Nationally, the overwhelming majority of Americans still believe the country is on the wrong track and a narrow majority believe Obama does not deserve a second term. In the four years between when he first declared his candidacy and the mid-terms in 2010, the median US family lost a generation of wealth. Wages are stagnant, unemployment high, social mobility slowing, poor white women are dying earlier than their mothers did and the gap between black and white is growing. A recent poll revealed that a slim majority of Americans define success as “not falling behind.”
“They talk about the rich and the middle class … they never talk about poverty. We’re living in total poverty. We have nothing right now,” Robin Barbour said four years ago in Roanoke.
Back then she was living with her partner, Fred Crews, in his mother’s basement and volunteering for the Obama campaign. Since Obama’s been president poverty has increased about 14 percent, but he has not delivered a single speech on poverty and mentioned the word just three times in all his state-of-the-union speeches.
Few, even among his own supporters, believe an Obama re-election will actually reverse these trends. They just think Republican candidate Mitt Romney will accelerate and exacerbate them. He is winning at present not because most people think he has done a great job (though many Obama supporters do), but because they think he has done the best job he could under the circumstances.

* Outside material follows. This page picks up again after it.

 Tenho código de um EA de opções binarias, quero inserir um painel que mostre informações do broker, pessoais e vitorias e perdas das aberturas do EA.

The trouble is it is precisely those circumstances — gridlock, big money, polarization — that are turning them off and, with the Republicans set to retake the House and possibly the Senate, those circumstances are going to get worse.
That is not to say that nothing has changed or that it makes no difference who wins. In Roanoke, Chelsea’s son, Harrison, was born with two heart defects. Prior to Obama’s healthcare reforms, that could have meant a life of penury in which he could either be denied health insurance because of a pre-existing condition, had to pay exorbitant rates or faced a lifetime cap on the amount his insurance provider would pay to cover him. Such changes, along with his executive order to halt the deportation of thousands of young undocumented immigrants or the Lily Ledbetter Act, protecting equal pay for equal work, or the repeal of don’t-ask-don’t-tell for gays in the military, makes a crucial difference to many people’s lives.

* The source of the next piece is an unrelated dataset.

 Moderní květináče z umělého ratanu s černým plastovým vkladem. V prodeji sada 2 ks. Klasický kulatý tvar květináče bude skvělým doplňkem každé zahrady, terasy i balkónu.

So while one may argue that Obama’s impact has been too incremental or insufficient, it is untenable to claim that he has made no impact and no difference. Both parties have framed the coming five weeks as a choice between two different visions of the country. There is some truth to that. However, beyond the vague notion of “more fairness” or “less government,” few could tell you what those visions are. The problem is that neither choice actually answers the central and enduring problems the country is facing. Like Seinfeld, this election campaigns have become a show about nothing.
Meanwhile, the electoral industrial complex keeps churning out polls and analyses as though on a split screen, making the contest not about who or what will or could change, but just who will win, where and by how much. The horse race is seductive and not entirely avoidable.
However, my aim is to report from the other screen: where people live, love, survive and — all too rarely at present — thrive. To move beyond and between the narrow lens of two parties, fuelled by gaffes and donors, to gauge what people thought would change, think of what has changed and what they would like to change. To see to what extent they think this election will make a difference to their lives and what, if anything, that tells them about the state of the country they live in.